Header cover image

Permian Basin Expansions Will Improve Future Prospects

WA
Consensus Narrative from 17 Analysts

Published

August 20 2024

Updated

January 29 2025

Narratives are currently in beta

Key Takeaways

  • Strategic acquisitions and infrastructure expansions are expected to drive synergy opportunities, boosting future revenue and earnings while enhancing service offerings.
  • Increased natural gas and NGL production, coupled with disciplined capital allocation, is projected to improve net margins and financial stability.
  • Operational disruptions, price trends, and delays threaten revenue and growth, while high leverage and commodity volatility pose risks to margins and earnings stability.

Catalysts

About ONEOK
    Engages in gathering, processing, fractionation, storage, transportation, and marketing of natural gas and natural gas liquids (NGL) in the United States.
What are the underlying business or industry changes driving this perspective?
  • ONEOK's acquisitions of EnLink and the pending Medallion acquisition are expected to provide significant growth potential by creating a fully integrated Permian Basin platform, expanding service offerings, and establishing new positions in key regions. This integration is expected to drive synergy opportunities, contributing to increased future revenue and earnings.
  • The company anticipates a substantial increase in its adjusted EBITDA, projecting over double the adjusted EBITDA from five years ago, indicating strong continued growth in earnings due to expansion and acquisition synergies.
  • ONEOK's strategic infrastructure developments, such as the West Texas NGL pipeline expansion, Elk Creek pipeline expansion, and Medford fractionator rebuild, are expected to be completed soon. These projects are likely to boost the company's revenue by increasing transportation and processing capacity.
  • Increased natural gas and NGL production in key regions like the Rocky Mountain and Permian Basin, coupled with expected volume growth from new plants and contracts, could enhance ONEOK's fee-based earnings and potentially improve net margins with optimized asset utilization.
  • With integration and synergies from recent and future acquisitions, along with a disciplined capital allocation strategy, ONEOK expects its total combined EBITDA for 2025 to be comfortably above $8 billion. This projection highlights an expected increase in earnings and a positive trajectory towards targeted leverage reduction, enhancing net margins and overall financial stability.
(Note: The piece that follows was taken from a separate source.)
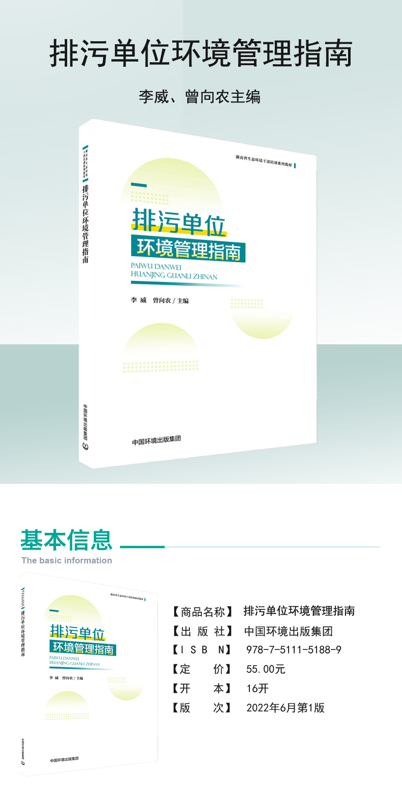 本书从排污单位环境管理的角度出发,系统梳理了我国生态环境管理理念、生态环境主管部门监督管理制度和排污单位环境管理要求,旨在提高环境管理人员的生态环境保护意识,为环境管理部门及排污单位的环境监督管理提供专业技术指导。本书可作为生态环境部门干部培训及排污单位环境管理技术指导用书,也可作为生态环境类专业或相关专业学生教材,可供生态环境服务机构人员及相关企事业单位环境管理人员学习参考。 作者简介:李威,长期从事生态环境知识科普工作,曾主导建设湖南省环境保护与教育科普馆,主持并参与省、市级生态环境保护、科普宣传等课题10余项,先后发表论文20余篇,出版生生态环境科普读本9本,获实用新型专利授权8项。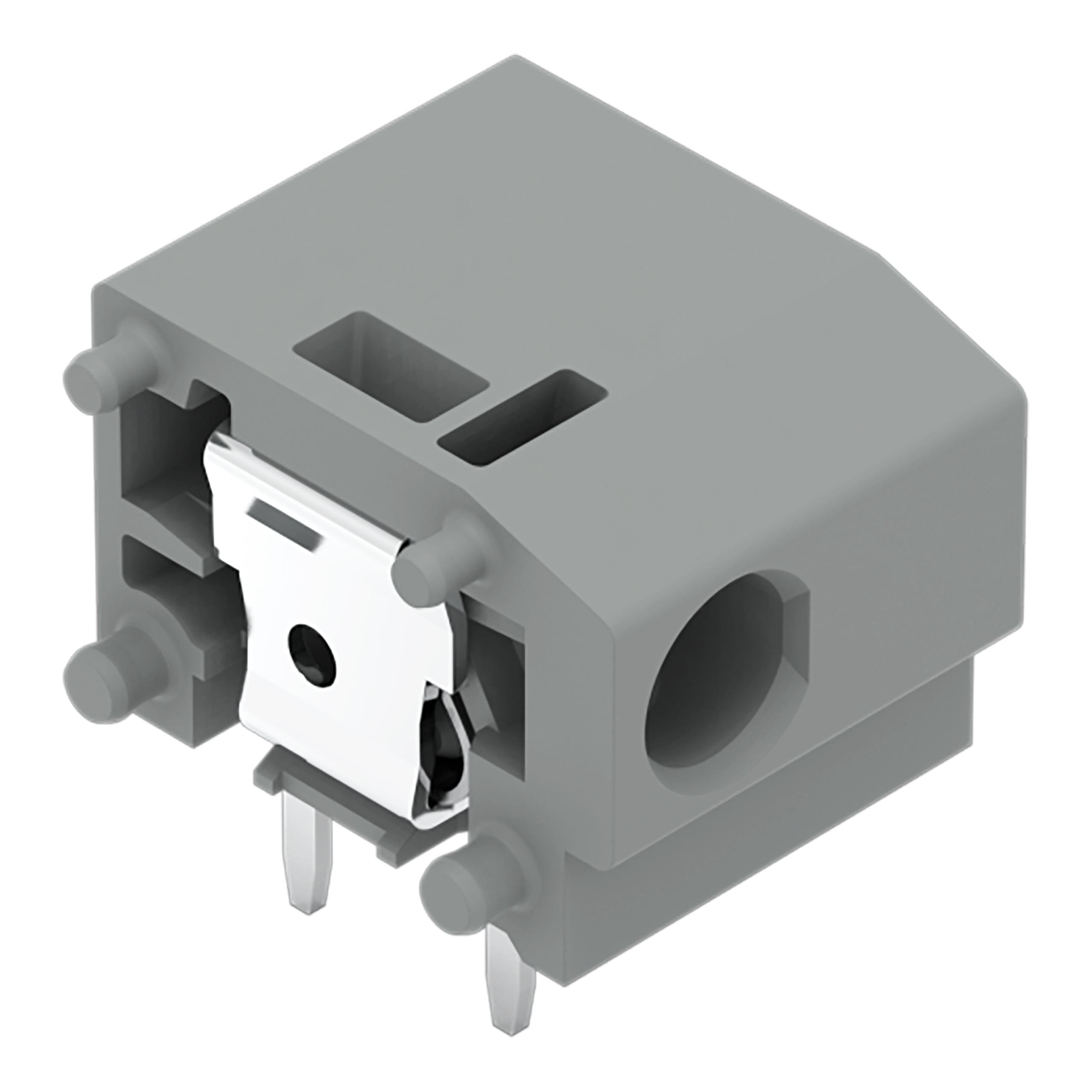 Morsetto per circuito stampato sovrapponibile. 2,5 mm2. Passo pin 10/10,16 mm. 1 polo. PUSH WIRE®. con presa per test. 2,50 mm2. grigio

ONEOK Earnings and Revenue Growth

ONEOK Future Earnings and Revenue Growth

Assumptions

How have these above catalysts been quantified?
  • Analysts are assuming ONEOK's revenue will grow by 16.7% annually over the next 3 years.
  • Analysts assume that profit margins will shrink from 14.0% today to 13.9% in 3 years time.
  • Analysts expect earnings to reach $4.4 billion (and earnings per share of $7.08) by about January 2028, up from $2.8 billion today. However, there is a considerable amount of disagreement amongst the analysts with the most bullish expecting $4.9 billion in earnings, and the most bearish expecting $3.6 billion.
  • In order for the above numbers to justify the analysts price target, the company would need to trade at a PE ratio of 19.7x on those 2028 earnings, down from 21.0x today. This future PE is greater than the current PE for the US Oil and Gas industry at 11.9x.
  • Analysts expect the number of shares outstanding to grow by 2.02% per year for the next 3 years.
  • To value all of this in today's terms, we will use a discount rate of 8.04%, as per the Simply Wall St company report.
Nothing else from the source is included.